Source:
Sanjay Rebello, 785-532-1539
Pronouncer: San (rhymes with MAN) - Jay - RAH-BELL-O
News release prepared by: Keener A. Tippin II, 785-532-6415
Tuesday,
May 4, 2004
K-STATE
PROFESSOR RECEIVES PRESIDENTIAL AWARD FOR TOP SCIENTISTS, ENGINEERS
MANHATTAN
-- Soon the nation will find out about Sanjay Rebello what Kansas State
University already knows: Rebello is a shining example to future generations
of researchers.
Rebello,
a K-State assistant professor of physics, was presented with the Presidential
Early Career Award for Scientists and Engineers at a White House ceremony
May 4. President Bush named and honored 57 of the nation's most promising
young scientists and engineers with Presidential Early Career Awards
for Scientists and Engineers. The award honors and supports the extraordinary
achievements of young professionals at the outset of their independent
research careers in the fields of science and technology.
"This
award is given to very few young scientists and engineers," said
Dean Zollman, head of the K-State physics department. "To have
a member of our faculty invited to the White House to be honored in
this way is a very strong indicator of the strength of his research.
Our department has known for some time that Sanjay is an outstanding
young scientist. This award shows that this opinion is also held by
very high-level officials in the United States government.
"Sanjay
is also an outstanding teacher. He is truly a valuable asset to K-State."
Rebello
was previously awarded a $436,000 CAREER award in 2002 from the National
Science Foundation for research that focuses on learning by college
students and involves developing physics curricula for future elementary
teachers. CAREER awards were presented to about 300 researchers. Of
the 2,900 CAREER awards made since the program began in 1996, only 140
have received presidential recognition.
Presidential
Early Career Awards for Scientists and Engineers nominees are annually
selected from among the most meritorious new CAREER awardees that show
exceptional potential for leadership. This Presidential Award is the
highest honor bestowed by the United States government on scientists
and engineers beginning their independent careers. Twenty CAREER awardees
-- slightly more than 5 percent of all CAREER awards made in 2002 --
are selected to receive the prestigious presidential award. Each was
honored at a White House ceremony in the Eisenhower Executive Office
Building.
Rebello's
research essentially involves discovering how students construct their
own understanding about everyday objects, as well as what kind of mental
resources and cognitive processes they use to construct this understanding.
"We
are trying to gain some insights into how students think and how they
learn," Rebello said. "The contexts that we are looking at
include everyday objects."
Rebello
and co-workers in the K-State Physics Education Group conduct interviews,
teaching experiments and surveys to collect data on how students reason
through problems and their explanations or "mental models"
of how objects work.
"We
investigate students' ideas and how they change as students go through
the introductory physics course," he said. "We find that students
may not discard these mental models, but incorporate them with the concepts
they learn in class."
Introductory
physics courses strike terror in the hearts of undergrads everywhere.

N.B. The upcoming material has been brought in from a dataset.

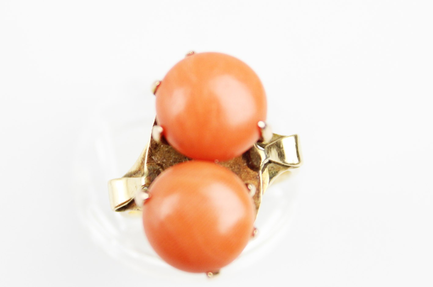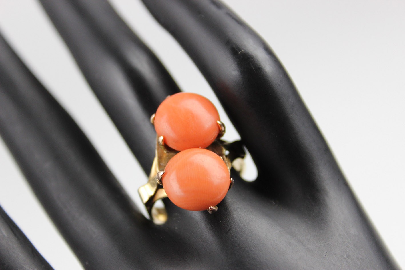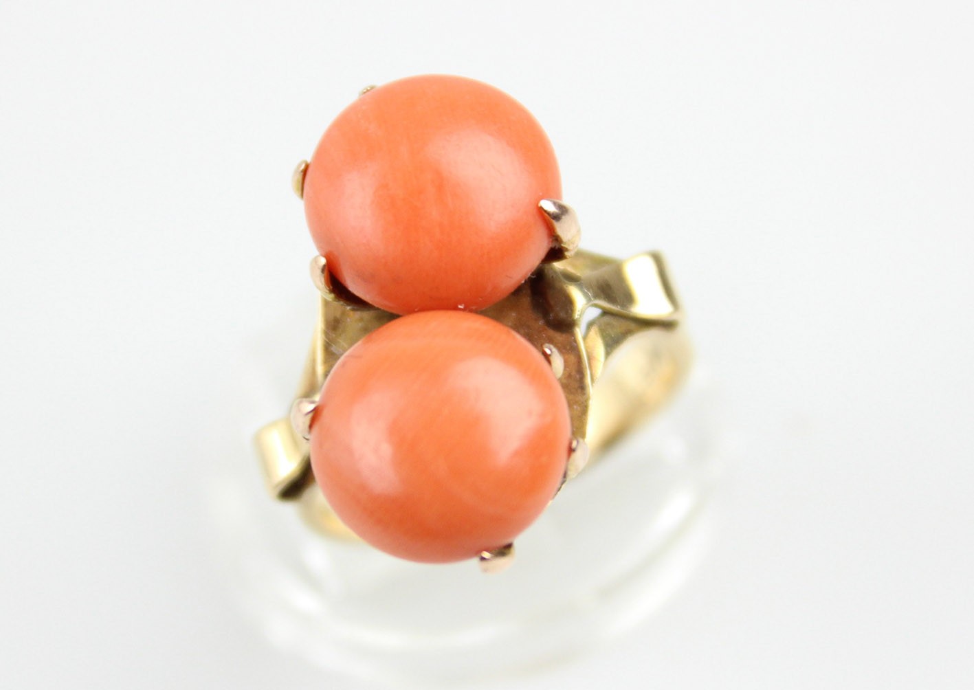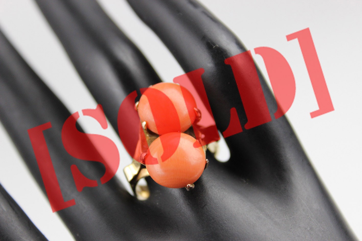 Elegancki, stylowy pierścionek wykonany ze złota próby 585, ozdobiony dwoma okazałymi, naturalnymi kaboszonami z korala szlachetnego w intensywnym, ciepłym odcieniu pomarańczowym. Kamienie zostały oprawione w klasyczne czteroramienne łapki, co podkreśla ich organiczne piękno i subtelny połysk. Szyna pierścionka o mocnym profilu stanowiąca eleganckie podparcie pod ażurową, asymetryczną oprawę, typową dla wzornictwa z połowy XX wieku. Całość zachowana w bardzo dobrym stanie kolekcjonerskim — bez uszkodzeń kamieni z lekkimi, naturalnymi śladami użytkowania na złocie. Wymiary:

The very name makes some people queasy and some students still have
misconceptions about physics when they finish the course. Rebello hopes
to change that. Based on their understanding of students' ideas Rebello
and co-workers develop curricular materials and teaching methods that
enable students to construct their own scientifically correct understanding
of the physical principles underlying everyday objects and phenomena.
Rebello
studied semiconductors, not education, when he began his graduate work
at Brown University in Rhode Island. Most graduate students teach a
year or two, he said. But because funding was tight on semiconductor
projects, Rebello had to work as a teaching assistant all six years
of graduate school. He began to notice patterns in the kinds of physics
concepts that students struggled with. He learned what students thought
about physics and physical phenomena. By the time he finished his doctoral
thesis on semiconductors, he was hooked on teaching and interested in
physics education research. After that experience Rebello worked as
a post-doctoral assistant under the mentorship of Zollman from 1995-98.
He rejoined K-State as a faculty member in 2001 after a three-year stint
at Clarion University in Pennsylvania.
"The
experiences people have in their introductory physics course are important.
If they leave the course with negative feelings, they've lost the golden
opportunity that we as physicists have," Rebello said. "We
have a unique opportunity to give students a set of experiences that
make them positively inclined to science. Even if they go into other
fields, they should have positive attitudes toward physics."
Kansas State University
is a comprehensive, research, land-grant institution first serving students
and the people of Kansas, and also the nation and the world.